Торин пожал плечами, показывая, что не знает. Опять он несет ответственность за них обоих, опять вынужден отвлекаться от своей цели, упустив прекрасную возможность встретиться с врагом лицом к лицу.
Воин думал, что будет взбешен и собой, и ими. Он хотел испытать ярость. Но ее не было.

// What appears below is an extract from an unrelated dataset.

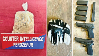 फिरोजपुर में पांच किलो हेरोइन जब्त, आरोपियों से दो पिस्तौल, चार मैगजीन कब्जे में ली, तीन तस्कर गिरफ्तार

Отсутствие гнева оставило пустоту, с которой он не был готов столкнуться. Без своей ярости, без призывов чести к отмщению какова цель его жизни?
Мали дотронулась до руки Торина, и прикосновение ее пальцев к его коже оказалось нежным и сухим. Оказавшись так близко от нее, он ощутил странный сладкий землистый аромат. Боль в колене отступила куда-то на задний план, забылась, когда он вдохнул аромат цветов и тенистых полян. Несмотря на жар солнца, воин задрожал.
— Ты спасла нас обоих, — резко сказал он, скрывая свои чувства. — Мой долг перед тобой не оплатить, даже если я отведу тебя в безопасное место.
— Ты ничего мне не должен, — тихо ответила эльфийка. Торин повернулся к ней лицом, так близко, что чувствовал ее дыхание на своем лице, а прохладу ее тела — всем своим телом. Мали излучала энергию, силу, из-за которой волосы на затылке встали дыбом.
— Моя жизнь — это не ничто, — хрипло сказал он.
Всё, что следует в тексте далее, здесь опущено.